Образ гневного, бушующего моря, которое, как щенком, играет человеком, господствует и в последующей 1-й сцене II акта. "Безжалостно меня швыряло море // На берега скалистые..." – говорит Перикл. В его монологе, который мы приводили выше, и в дальнейших репликах, обращенных к рыбакам, грозное могущество моря представлено и как сила природы (Перикл говорит о том, что как смертный он подвластен бушующим стихиям), и как орудие судьбы.
Море для Перикла "rough", т. е. грубое, суровое, бурное, неприятное. Он называет море "похитителем" (ср.: "rapture of the sea" (II, 1, 143); "rapture" толкуется английскими комментаторами как "violent seizure", насильственный захват {Shakespeare W. Pericles/Ed. by F. D. Hoeniger, p. 50. Note to Jine 154.}), море не щадит никого из людей ("that spares not any man" II, 1, 121). Однако здесь есть новый оттенок в образе моря, который слабо обозначился уже ранее в последних словах монолога Гауэра (о судьбе, дающей радость): море в гневе забрало доспехи, но, успокоившись, вернуло их. Значит – море не только берет, но и дает.
Но об этом оттенке мы на время забываем, ибо и в последующем беглом упоминании о море (когда Перикл говорит Таисе: "...злое море корабли мои // Похитило, друзей меня лишило..." – II, 3), и в словах Перикла, которые Таиса передает Симониду ("...дворянин из Тира, которого несчастье, причиненное морем, лишило корабля и друзей" – подстрочник; англ. текст – II, 3, 82-89), и особенно в III акте море предстает еще более яростным и неистовым, чем раньше.
Прекрасный, истинно шекспировский стих первого монолога Перикла в III акте, отрывок из которого был приведен выше, великолепно передает грохот сшибающихся волн, медный рев свирепого ветра – словом, все буйство разъяренных стихий, то возносящих корабль Перикла к самому небу, то низвергающих его в адские бездны, заставляющих корабль плясать ("пляшущий корабль", "dancing boat" – III, 1, 13) под аккомпанемент громов и злые вспышки молний.

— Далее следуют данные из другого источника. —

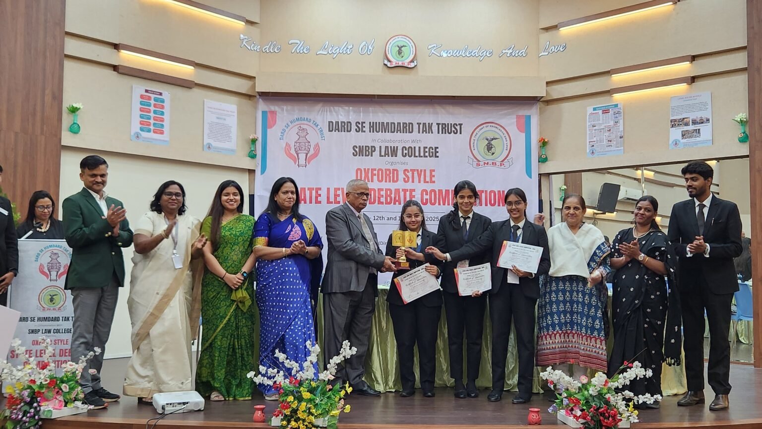 दर्द से हमदर्द तक संस्था आणि एस.एन.बी.पी. विधी महाविद्यालय, पिंपरी यांच्या संयुक्त विद्यमाने दिनांक १२ व १३ जुलै रोजी ऑक्सफर्ड शैली राज्यस्तरीय वादविवाद स्पर्धा एस.एन.बी.पी. विधी महाविद्यालय सभागृह, मोरवाडी, पिंपरी येथे ‘कॉलेजियम प्रणाली : शाप की वरदान?’ या विषयावर स्पर्धा आयोजित करण्यात आल्या होत्या. त्याच्या बक्षीस वितरण समारंभात अंबादास जोशी बोलत होते. कार्यक्रमास संस्थेचे अध्यक्ष ॲड. प्रकाश साळशिंगीकर, मुख्य कार्यकारी अधिकारी सुनीता साळशिंगीकर, सुभद्रा एज्युकेशन सोसायटीच्या अध्यक्षा डॅा वृषाली भोसले, ॲड. ऋतुजा भोसले, प्राचार्या डॉ. रोहिणी जगताप, उपप्राचार्य कैलाश पोळ, ॲड. सतिश गोरडे यांची प्रमुख उपस्थिती होती.
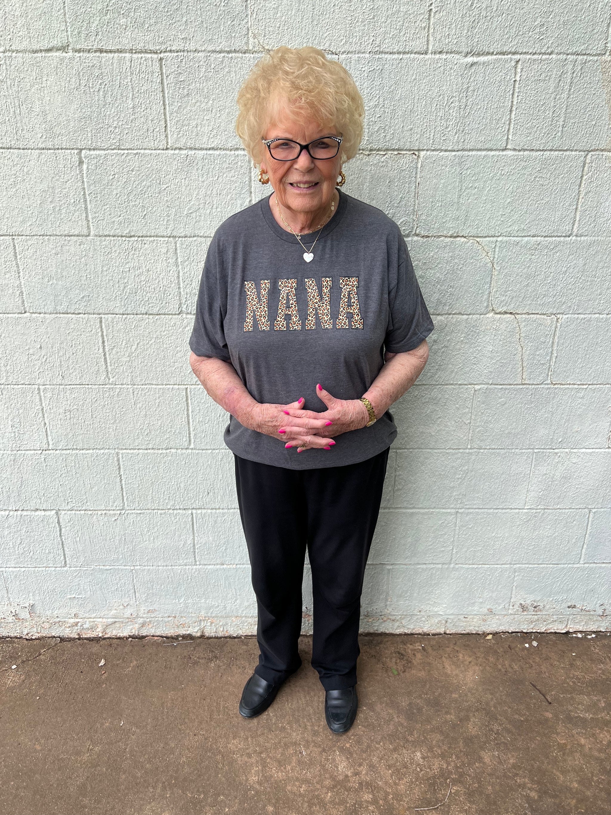 Nana Leopard Graphic Tee Charcoal This Nana graphic tee is the style! It is so cute. You can wear...

В III и IV актах поэтический образ бури главенствует и придает художественное единство разбросанным по месту действия и разорванным во времени эпизодам. Грозная музыка бури зарождается во вступительном монологе Гауэра, мощно звучит в начале III акта, слышится и в последующих сценах. О шторме, бушевавшем в 1-й сцене III акта, нам постоянно напоминают действующие лица пьесы в дальнейшем. Первые же реплики во 2-й сцене, в доме Церимона, устанавливают связь этой сцены с предыдущей: появляется хозяин с незнакомцем, потерпевшим кораблекрушение, и приказывает Филемону:
Согрей и накорми людей несчастных:
Ночь выдалась жестокая для них.
А слуга словно подтверждает:
Я видел бурь немало, но такой,
Как эта, не видал еще ни разу!
Бесчинство ночного урагана описывают и живущие на берегу моря дворяне, которые пришли искать убежища у Церимона. Не дает нам забыть о буре и главное событие этой сцены – оживление Церимоном Таисы. В следующей сцене, в разговоре с Клеоном и Диониссой, Перикл возвращается к ужасной ночи на корабле. В финальном эпизоде той же сцены напоминает еще раз зрителю о море Таиса, повествуя о том, как потеряла там супруга и новорожденного ребенка.

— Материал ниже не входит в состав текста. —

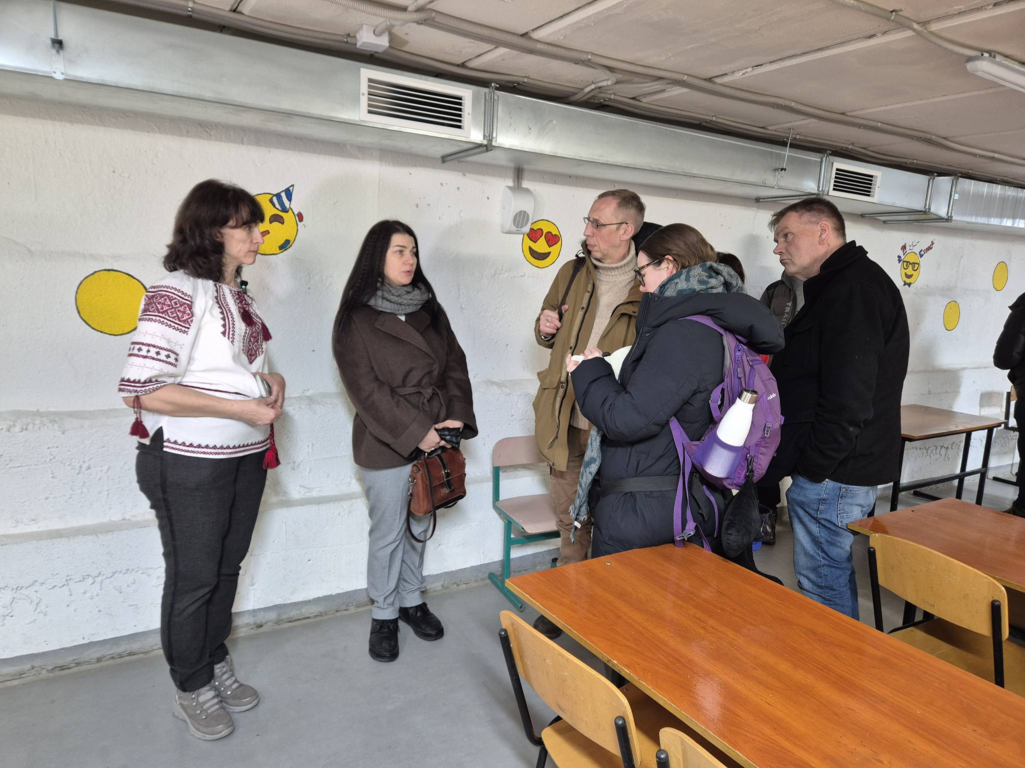 The sun comes out after the freezing night, and Kryvyi Rih is beautiful under the blue sky. Snezhana Oleksu from Social Movement takes us to the school where she teaches and where the children are studying underground due to an air raid alert. She then introduces us to her English students, aged 7-14, and we had great fun helping them practice their language skills.

14-15 лет проходит между событиями III и IV актов, но целостность восприятия не нарушается: мы вновь оказываемся на морском берегу, и вновь доносятся до нас отголоски давней бури. Марина столь живо, образно рассказывает со слов няни о событиях, сопутствовавших ее рождению, что мы словно воочию видим гигантскую волну, смывающую матроса в море, команду, мечущуюся в смятении, и Перикла, тянущего вместе с матросами канат и возгласами ободряющего их.

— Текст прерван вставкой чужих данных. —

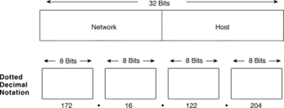 Địa chỉ IP có thể được biểu diễn dưới dạng mã nhị phân 32 bit bao gồm bốn nhóm 8 bit như hình trên (hoặc bình thường thì được biểu diễn dưới dạng thập phân: cứ 8 bit được quy đổi ra một số thập phân, các số thập phân cách nhau bởi dấu chấm). 32 bit này được chia thành hai phần (từ trái qua phải):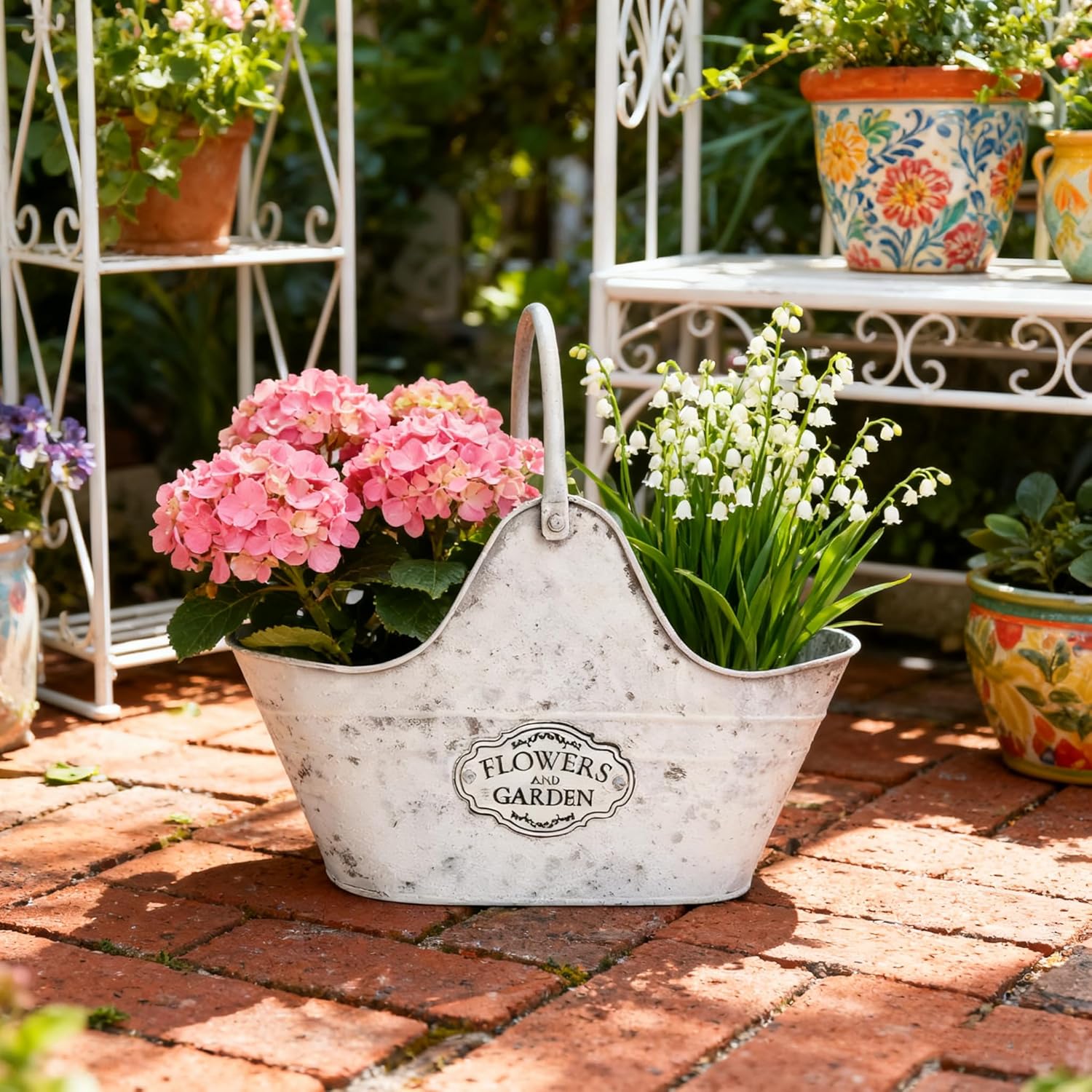- 【VINTAGE “FLOWERS AND GARDEN” DESIGN】Features a distressed white galvanized metal finish with “Flowers and Garden” emblem, adding rustic farmhouse charm to any space – perfect for vintage, boho, or classic decor styles.

Для Перикла море и в III акте (в IV Перикл появляется только в пантомиме) – злое, грубое, жестокое. Оно ведь действительно лишает героя самого для него дорогого – жены и ребенка. Но именно в III акте все более явственным становится тот оттенок в художественной обрисовке моря, который, правда, еле уловимо, но обозначился уже в конце монолога Гауэра ко II акту ("судьба... выбросила его (Перикла. – И. Р.) на берег, чтобы даровать радость") и усилился в сцене с рыбаками, когда море вернуло Периклу его доспехи.
Море не губит Таису – оно выносит ее на берег, отдает в руки мудрого врача, возвращающего ее к жизни:
Я никогда волны такой огромной,
Как та, которая его швырнула
На берег, не видал,
говорит слуга, доставивший Церимону ящик с телом Таисы (III, 2). И чем ближе действие к концу, тем заметнее новая – благая – роль моря в судьбе главных героев. Море в характеристике Гауэра (IV, 4) еще остается капризным, своенравным, изменчивым, непостоянным, но ветер уже пригоняет корабль Перикла к берегам Митилены, где живет его дочь Марина, буря стихает, и поэтому в V акте появляется невозможный в предшествующих эпизодах, но не случайный в конце пьесы новый образ моря – моря радости.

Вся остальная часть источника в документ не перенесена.